Did you know that pancakes have been a part of the human diet for thousands of years? Apparently, Otzi the Iceman had remnants of ‘pancakes’ in his stomach when he was discovered in the Italian Alps about 5300 years after he died. You can read about him (and pancakes) here on the National Geographic website. At least when he died, he’d just enjoyed a hearty meal!
Apparently, buttermilk has a long history, too. And the buttermilk you buy in the store today doesn’t necessarily resemble the buttermilk (from actually churning sweet cream into butter) from yesteryear. The acidity in today’s “cultured” buttermilk works with the baking soda to give a lighter texture to your pancake (or any baked goods). You can read more about it here.
We hope you’ll try (and enjoy) this recipe, courtesy of Martha Stewart. Let us know in the comments below how you like your pancakes. Sweet? Savory? Fluffy? Thin? Tiny? Huge? The variations are unlimited.
NOTE: This recipe calls for salt. We have several varieties of salt at The Kitchen Company. We also have just the right pancake flipper, ladle, and measure cup or spoon. We even have pancake dispensers for those who really, REALLY like to have uniform pancakes! Come by and see – we’ll be waiting for you!
The key to light and fluffy buttermilk pancakes from scratch? Don't overmix the batter—it should have small to medium lumps. Source: Martha Stewart Living, February 1998
Heat griddle to 375 degrees f. Whisk together flour, baking powder, baking soda, salt, and sugar in a medium bowl. Add eggs, buttermilk, and 4 tbsp melted butter; whisk to combine. Do not overmix. Batter should have small to medium lumps
Heat oven to 175 degrees f. Test griddle by sprinkling a few drops of water on it. If water bounces and spatters off the griddle, it is hot enough. Using a pastry brush, brush remaining 1/2 tsp butter onto the griddle. Wipe off excess with a paper towel.
Using a 4-ounce ladle (about 1/2 cup) pour pancake batter in pools two inches away from one another. When pancakes have bubbles on top and are slightly dry around the edges (about 2 1/2 minutes) flip over. Cook until golden on the bottom, about 1-2 minutes.
Repeat with remaining batter, keeping finished pancakes on a heat-proof plate in the oven. Serve with your favorite condiments.

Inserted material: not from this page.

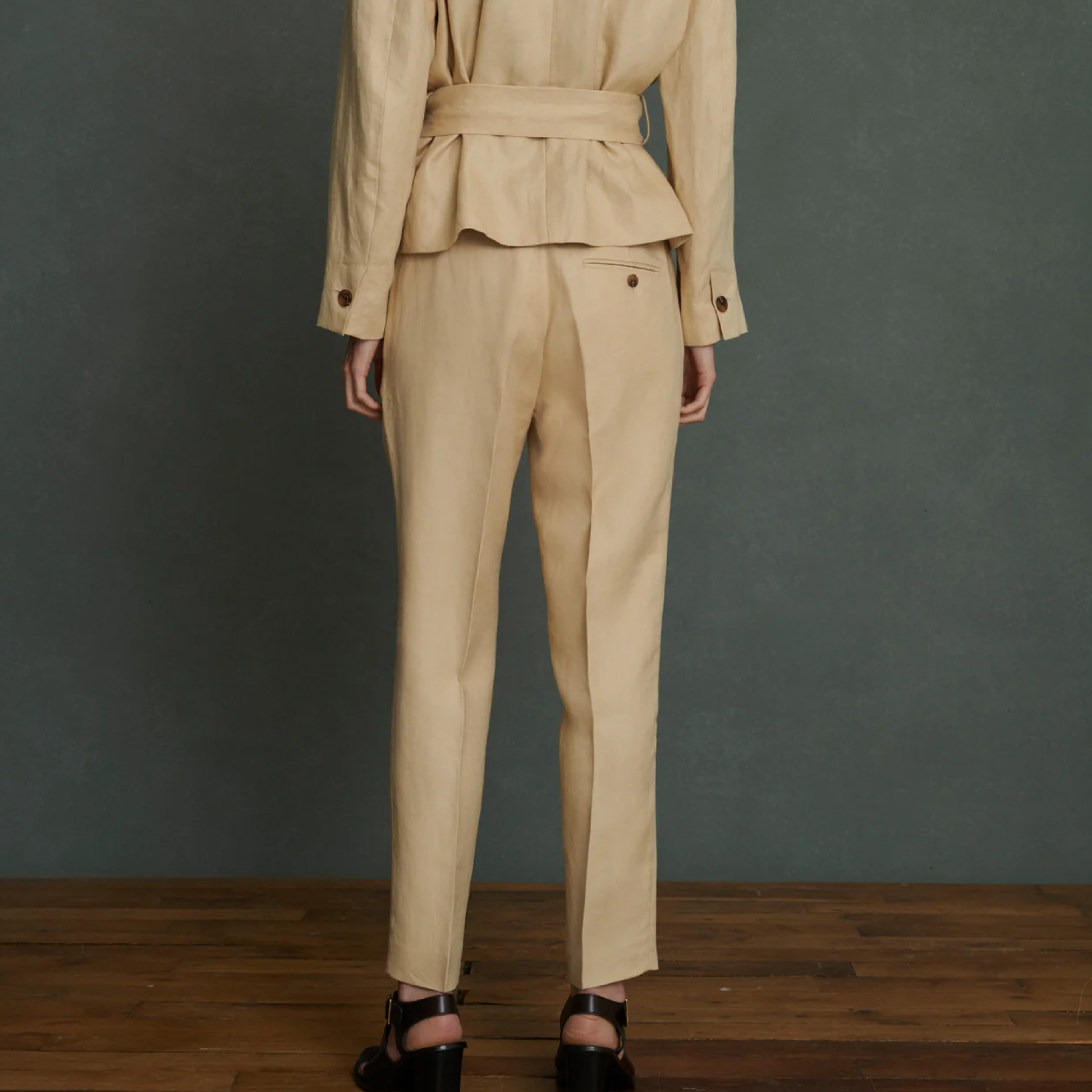 De skønne Adele bukser fra det franske brand, Soeur, i en skøn hørkvalitet. Bukserne har et klassisk cigaretbuks-look, og åbnes med knap og lynlås foran.

These pancakes are from Martha Stewart’s Everyday Food (2006) and are an easy recipe for pancakes any day (or night) of the week. Pancakes from scratch are a fabulous recipe to begin teaching children the basics of cooking. They don’t have a lot of ingredients but you’ll use your measuring cups, measuring spoons, and mixing bowls so the kids will learn the different measurements and how to get just what you need for the recipe. You’ll also be using basic cooking utensils such as a mixing spoon, whisk, and perhaps a ladle. Always supervise the cooking as the skillet is hot! When the pancakes are done, enjoy sharing them with your little cooks and watch how proud they are when they present you with a nice stack of heaven.
Easy Basic Pancakes
Preheat the oven to 200 degrees f; have a baking sheet or heat-proof platter ready to keep the cooked pancakes warm in the oven. In a small bowl, whisk together flour, sugar, baking powder, and salt; set aside
In a medium bowl, whisk together milk, butter (or oil), and egg. Add dry ingredients to milk mixture; whisk until just moistened (do not overmix; a few small lumps are fine).
Heat a large skillet or griddle (non-stick or cast iron) over medium. Fold a sheet of paper towel in half and moisten with oil; carefully rub the skillet with oiled paper towel.

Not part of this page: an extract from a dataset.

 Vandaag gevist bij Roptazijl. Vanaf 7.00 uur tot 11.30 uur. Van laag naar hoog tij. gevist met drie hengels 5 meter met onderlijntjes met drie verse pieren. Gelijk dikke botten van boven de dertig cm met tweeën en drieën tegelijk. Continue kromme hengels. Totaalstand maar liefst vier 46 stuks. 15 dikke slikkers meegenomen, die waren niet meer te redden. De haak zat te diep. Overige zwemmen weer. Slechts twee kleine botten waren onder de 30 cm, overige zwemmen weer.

For each pancake, spoon 2 to 3 tablespoons of batter onto the skillet, using the back of the sppon to spread batter into a round (you should be able to fit 2 to 3 in a large skillet)
Cook until the surface of the pancakes have some bubbles and a few have burst, 1 to 2 minutes. If they are burning before the bubbles appear, turn the heat down a bit. Transfer to a baking sheet or platter; cover loosely with aluminum foil, and keep warm in the oven. Continue with more oil and the remaining batter. You should have 12 to 15 pancakes. Serve warm with your favorite toppings.

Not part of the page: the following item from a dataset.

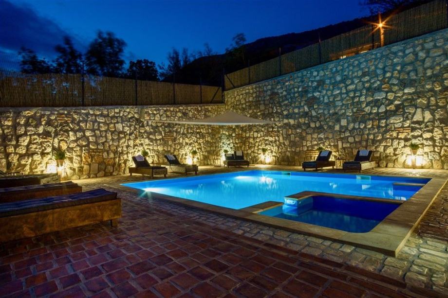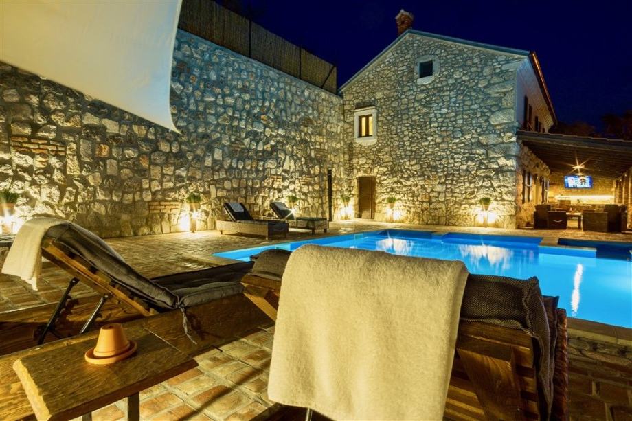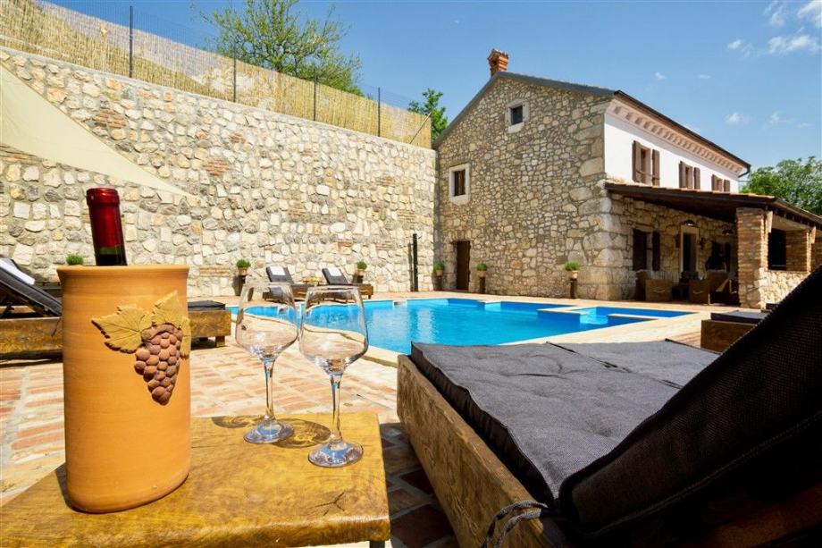 Lepo urejena vila se nahaja na hribu nad Crikvenico na zelo mirni lokaciji. Hiša je urejena v antičnem slogu v mediteranskem slogu in je zgrajena iz kamna. V letošnjem letu je bil v celoti obnovljen in dokončan. Sestavljen je iz pritličja in prvega nadstropja. Pritličje je zasnovano tako, da se nahaja ena spalnica z lastno kopalnico, ločen WC, dnevna soba, velika jedilnica in kuhinja. V nadstropju so štiri spalnice, vsaka ima svojo kopalnico z WC. Sobe so urejene tako, da ima vsaka klimatsko napravo za ogrevanje in hlajenje ter televizijo. Vrt sestavlja pokrita terasa pred hišo, kjer je velika miza za druženje in peko na žaru. Postavljen je velik bazen, nadstrešek pod katerim je postavljena biljardna miza in zasnovana kot prostor za druženje. Ob cesti so postavljeni kamniti zidovi, ki lastniku omogočajo popolno zasebnost. Pred vhodom je ograjeno parkirišče za štiri avtomobile. Ta kamnita hiša je odlična naložba z utečenim poslom ali pa je možno uživati v miru in tišini.

This Pear-Spice Bundt Cake recipe is courtesy of Martha Stewart and can be found in her baking cookbook in our store. For those of you who have been in the store on any given Saturday, you know that we nearly always provide a sweet goodie and fresh coffee for our visitors. We either make something from scratch or purchase freshly baked goods from our local grower’s market. Over the years, we’ve served this cake in the store several times because we’ve found it to be a reliable, easy-to-make recipe. For a link to the original recipe on the Martha Stewart website, click HERE.
Pear-Spice Bundt Cake
10 minutes cooling
In a saucepan, spread granulated sugar in an even layer. Cook over medium-high heat, without stirring, until sugar around edge of pan melts and begins to turn golden, 3 to 4 minutes. Using a wooden spoon, slowly stir until all sugar has melted and mixture is translucent and golden.
Add pear chunks to caramel, and stir to coat. Cook, covered, over low heat until very soft, 6 to 8 minutes, swirling pan occasionally. Using a potato masher, mash pears until they are broken down but still slightly chunky. Continue cooking, uncovered, 5 minutes more, stirring frequently. Remove from heat; let cool completely.
Preheat oven to 350 degrees. Butter and flour a 10-inch (12-cup capacity) Bundt pan, tapping out excess. In a medium bowl, sift together flour, baking powder, salt, cinnamon, cardamom, ginger, baking soda, pepper, and nutmeg; set aside.
In the bowl of an electric mixer fitted with the paddle attachment, beat butter, brown sugar, and honey on medium-high speed until light and fluffy, 3 to 4 minutes, scraping down sides of bowl as needed. Add eggs, one at a time, beating until combined after each addition. With mixer on the lowest speed, add flour mixture in two batches, alternating with milk and beginning and ending with flour. Add reserved pear sauce and mix to combine, about 1 minute, scraping down sides of bowl as needed. Do not over mix.
Spoon batter into prepared pan and smooth with a small offset spatula. Bake, rotating pan halfway through, until cake is a deep golden brown and a cake tester inserted in center comes out clean, 35 to 40 minutes. Transfer pan to a wire rack to cool slightly. Invert cake onto a wire rack set over a piece of parchment paper and allow to cool 10 minutes.
OPTIONAL: Once cool, pour your favorite glaze over the top, letting some drip down the sides. Alternatively, dust with confectioners' sugar.